9.) You exit the Starbucks bathroom in a different outfit than the one in which you entered.
8.) You have a lawsuit pending against whoever invented the zip-off, multi-length skirt because they stole your idea.
7.) You are a big fan of the long down winter coat, Hot Topic floor-length black goth skirt, tank + button-down shirt combo, sarong in the summer, and forced speech impediments (meant to conceal the ubiquitous tongue ring).
6.) You keep an emergency denim skirt in the glove compartment.
5.) Neighbors note your parents have suddenly become a lot more lenient with your dress code…then realize it's July and they've relocated to the Catskills.
4.) While acknowledging they are a monopolistic rip-off, you nevertheless own a variety of $25 Linda Leal shells for temporary use beneath plunging necklines.

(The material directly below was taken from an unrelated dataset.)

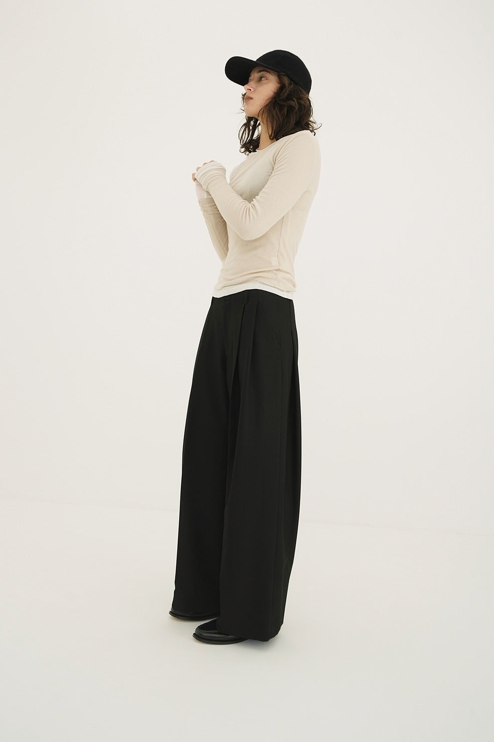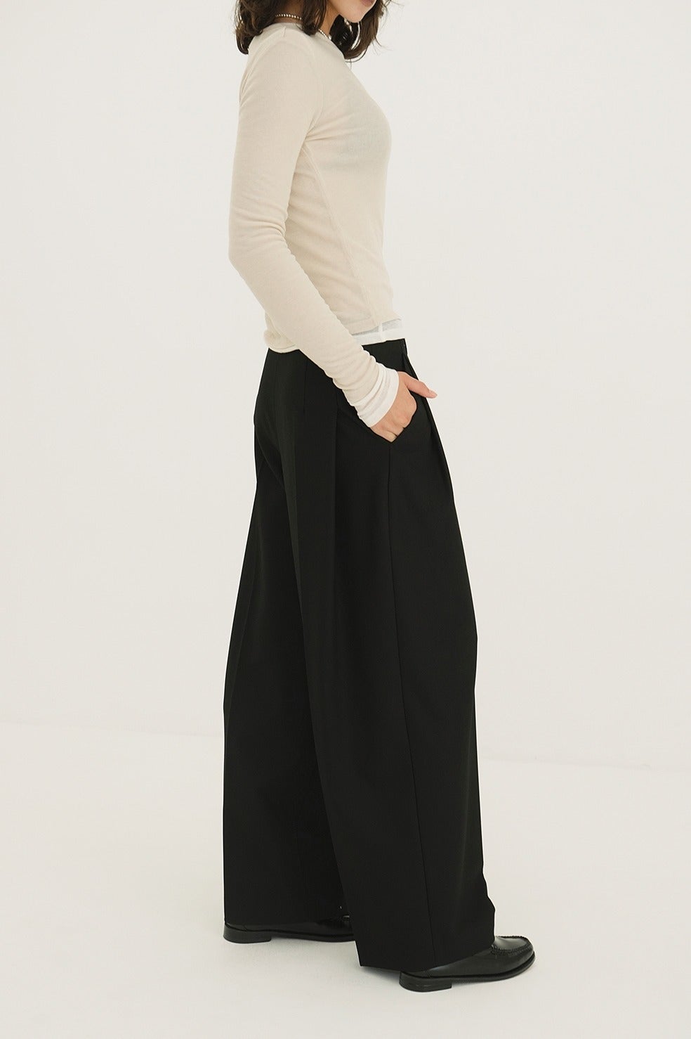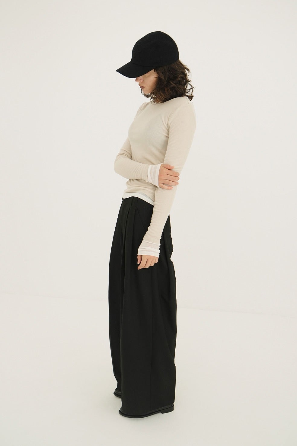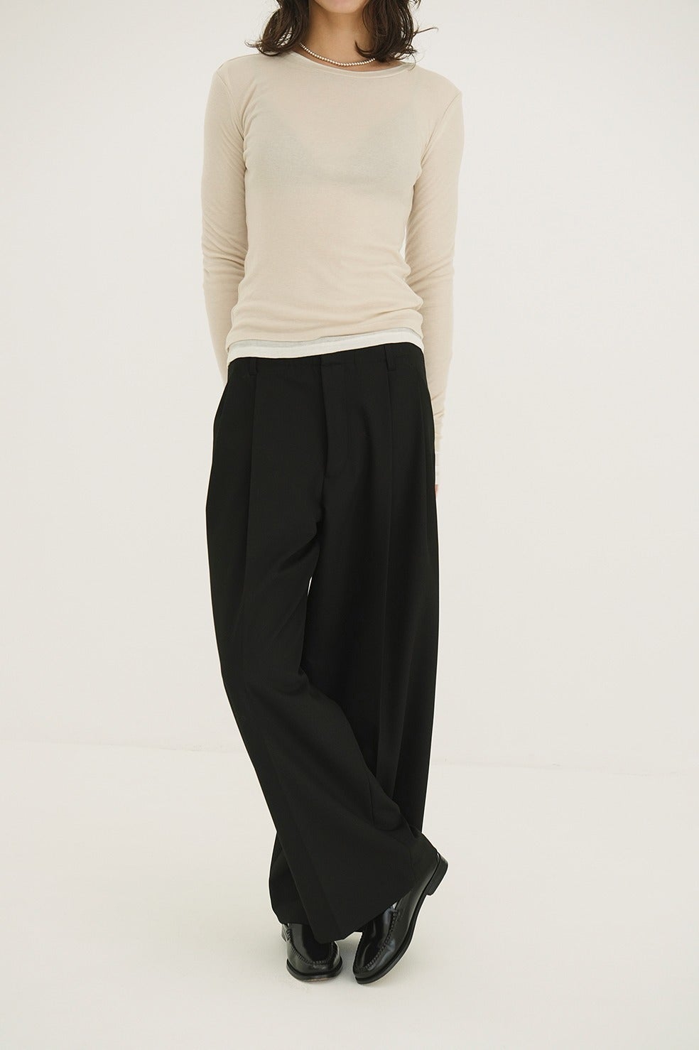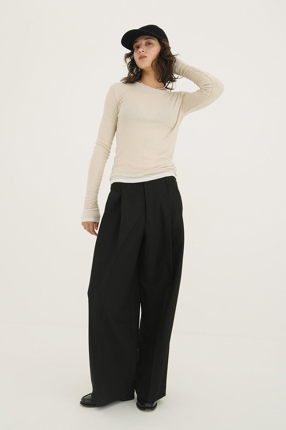 ローウエストの履き位置で、今季らしい抜け感のあるバランスに仕上げました。深めに入れたタックが立体的なシルエットを生み、センタープレスが脚のラインをすらりと美しく演出。ウエストはぐるりとゴム仕様で、リラックスした穿き心地もポイントです。

3.) Driving, talking on your cell phone and listening to 92.3 (before it sucked) while simultaneously slipping on a pair of jeans and wriggling out of a skirt, all without stepping on the brake poses no particular problem for you.
2.) You are on very intimate terms with the vestibule, foyer, coat closet, etc. of your house.
1.) After you move out and can finally wear whatever you want, you realize your legs look better in skirts, anyway.